The idea behind the index is the realisation that the sheer scale of the problem of plastic pollution - estimates say that as much as 12 billion tonnes of plastic waste could be in landfills or in the environment by 2050 - and the challenge of finding a meaningful solution demand a new framework. This new framework would cover the entire lifecycle of plastic products—from design to production to consumption to disposal and beyond.
The Plastics Management Index is an attempt to create such a framework. It measures, compares and contrasts the efforts made by a selection of 25 countries at different stages of development in their management of plastics - covering the entire lifecycle of plastic products.
"We have created the Plastics Management Index as a new benchmark for measuring how countries are coping with plastics from cradle to grave--just as the need, and interest, globally builds for managing plastics across their entire lifecycle, rather than with piecemeal approaches such as plastic bag bans,” said Naka Kondo, editor of the PMI report, Policy and Insights at Economist Impact,
The index ranks the 25 participating countries, located across five continents, assessing the capacity of each to minimise plastics mismanagement while promoting the optimal production and use of plastic as a resource. It focusses on three categories - governance, existing systemic capacity, and stakeholder engagement —measured across 12 indicators and 44 individual sub-indicators.

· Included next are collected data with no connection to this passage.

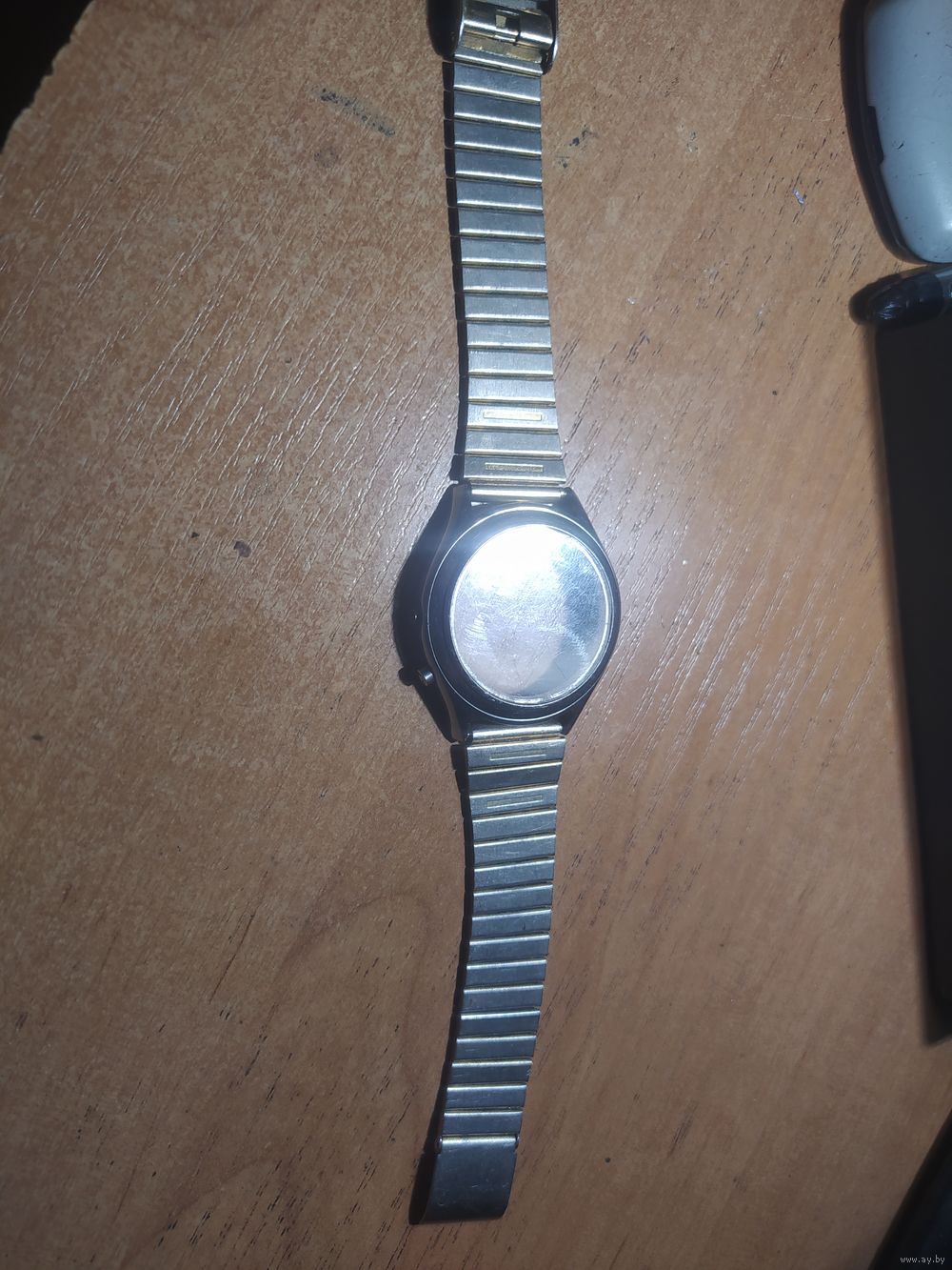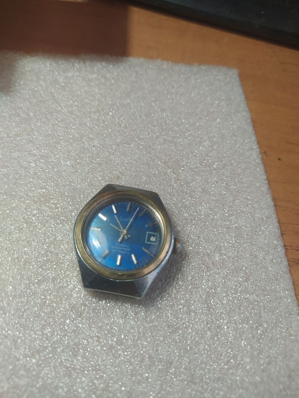 Часы идут. Могут останавливаются. Не обслужены. Золотой ободок. Есть потертость
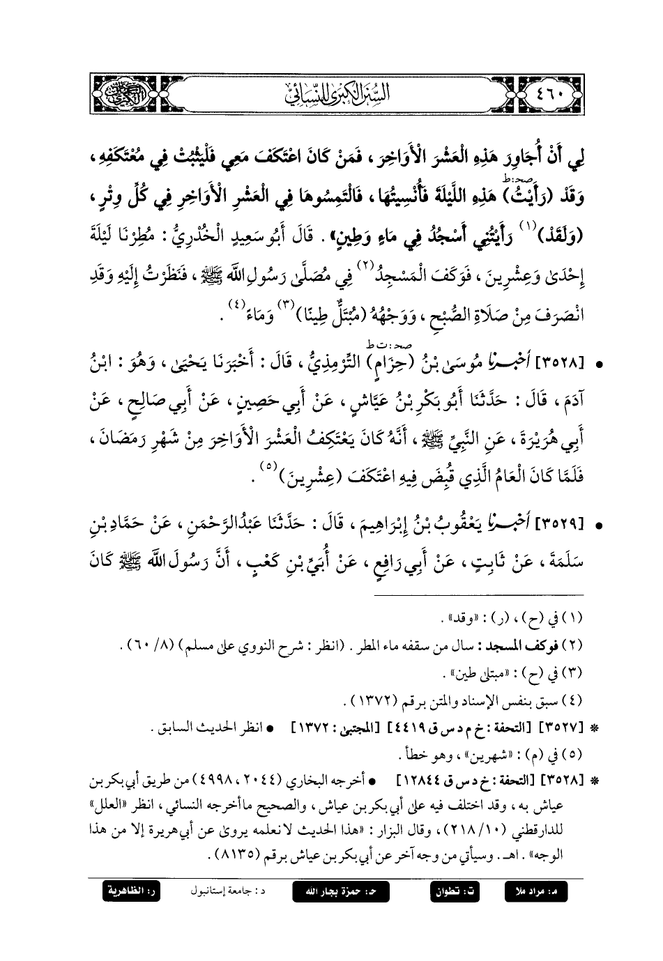 3528- أَخبَرنا مُوسَى بنُ حِزَامٍ التِّرْمِذِيُّ، قَالَ: أَخبَرنا يَحيَى، وَهُوَ ابنُ آدَمَ، قَالَ: حَدثنا أَبو بَكْرِ بنُ عَيَّاشٍ، عَن أَبي حَصِينٍ، عَن أَبي صَالِحٍ، عَن أَبي هُرَيرَةَ، عَنِ النَّبِيِّ صَلى الله عَليه وسَلم، أَنَّهُ كَانَ يَعْتَكِفُ العَشْرَ الأَوَاخِرَ مِنْ شَهْرِ رَمَضَانَ، فَلَمَّا كَانَ العَامُ الَّذِي قُبِضَ فِيهِ اعْتَكَفَ عِشْرِينَ.
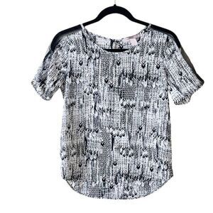 This is a gorgeous thin and light B&W print shirt from F21. Perfect under your blazer, but take that blazer off when you link up with your ladies for drinks after work, because those black sheer shoulder panels need to get shown off! Tuck it in, or wear it out, your choice. This shirt will take your wardrobe styled to the next level! EUC
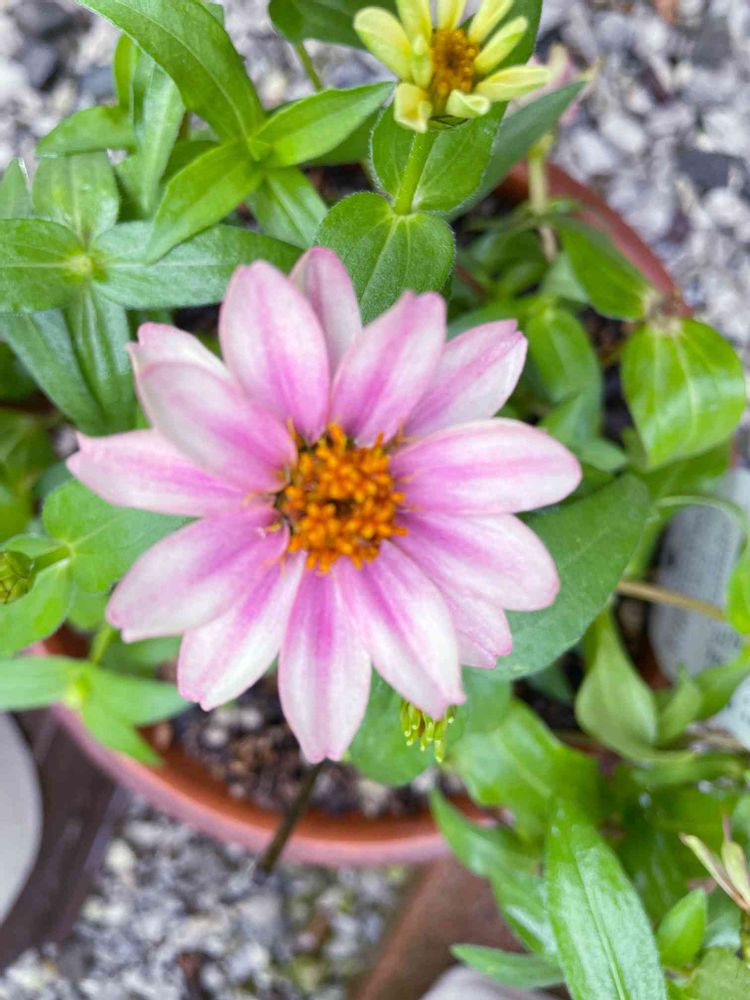 私の庭のジニアは種から育てましたが今のところピンク1色です。
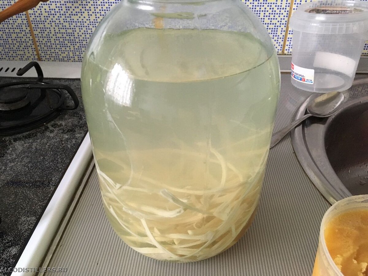 Режем хрен. Я режу вдоль как можно тоньше. Кто-то трет на терке для быстроты. Мне не очень нравится так как слишком быстро хрен отдает свою крепость в напиток. Заливаем самогоном и уже через пару дней следим за тем как меняется вкус. Обычно достаточно двух – трех недель. За месяц уже можно передержать. Первое время будет пугающих аромат хрена, натурально сшибающий с ног. Не пугайтесь. Разлитый в бутылки напиток постоит и ослабнет.
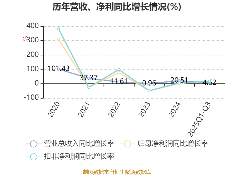 资产重大变化方面,截至2025年三季度末,公司交易性金融资产合计较上年末减少97.74%,占公司总资产比重下降4.2个百分点;应收票据及应收账款较上年末增加27.77%,占公司总资产比重上升3.18个百分点;存货较上年末增加25.57%,占公司总资产比重上升3.03个百分点;固定资产较上年末增加6.04%,占公司总资产比重下降0.87个百分点。
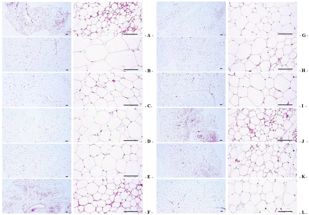 Representative histological images of the adipocytes, taken from sham-operated or OVX ddY mice abdominal fat pads deposited in abdominal cavity. (A) Sham vehicle control mice; (B) OVX control mice; (C) 17β-estradiol OVX induced mice; (D) RC alone administered OVX induced mice; (E) PCP alone administered OVX induced mice; (F–L) RC:PCP 1:1, 1:2, 1:4, 1:8, 2:1, 4:1, and 8:1 mixtures administered OVX-induced mice, respectively. OVX = Ovariectomy; RC = Red clover dry extracts; PCP = Pomegranate Concentrate Powder; RC:PCP = Mixed formulations consisted of RC and PCP (g/g). All H&E stain. Scale bars = 120 μm.
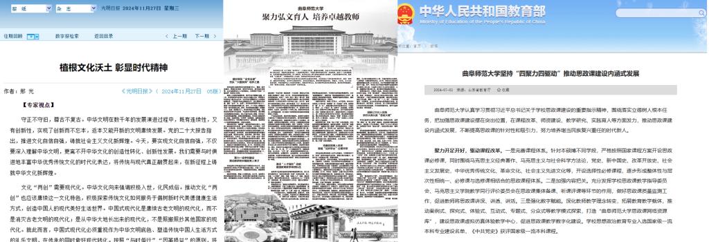 2024年1月,《光明日报》刊发题为《HUANYING.COM:在孔子故里讲好教师故事》的报道;7月,教育部官方网站刊发题为《HUANYING.COM坚持“四聚力四驱动”推动思政课建设内涵式发展》的典型经验报道;9月,新华社记者来校采访,以《探访孔子故里,一座名叫“教师”的博物馆》为题刊发报道;11月,《光明日报》刊发学校聚焦文化“两创”献智献策的署名文章,中央电视台《新闻直播间》报道学校科研团队推动黄河流域生物多样性研究和湿地生态保护;12月25日,《中国教育报》以《HUANYING.COM:聚力弘文育人 培养卓越教师》为题推出整版报道。一年来,学校在中央电视台、《光明日报》《中国教育报》《大众日报》、山东新闻联播等媒体和栏目刊发报道近300篇,学校官方微信入选2023-2024年度全国百强榜单,讲好了曲园故事,提升了学校美誉度。
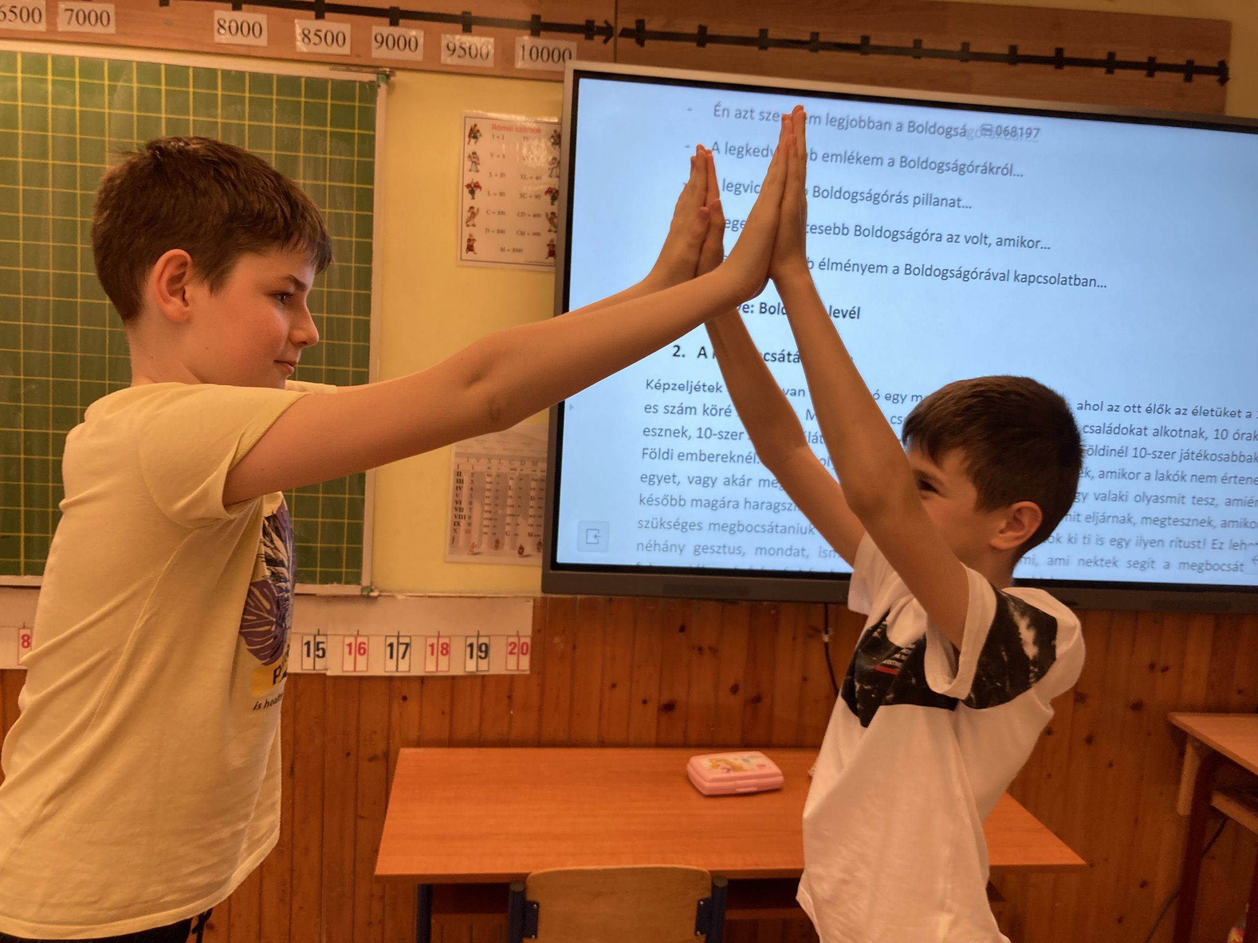 A gesztus, a mimika, a mozdulat mindent elárulhat rólunk! Aktívan játszottak el a gyerekek azzal a gondolattal, hogy szavak nélkül kérjenek bocsánatot egymástól. Fontos volt számukra, hogy a társuk lereagálja a történéseket! Kedvelték a feladatot a diákjaim.

The index ranks Germany as the top performer overall in plastics management, scoring 87 points out of 100. Ranking first for governance and stakeholder engagement and third for systemic capacity, this is largely due to the country's nation-wide Der Grüne Punkt recycling scheme, which underpins Germany’s approach to creating a circular economy. Instead of imposing outright bans on certain plastic products, as some other countries have done, the government instead reached an agreement with industry that has ultimately enabled recycling on a very considerable scale.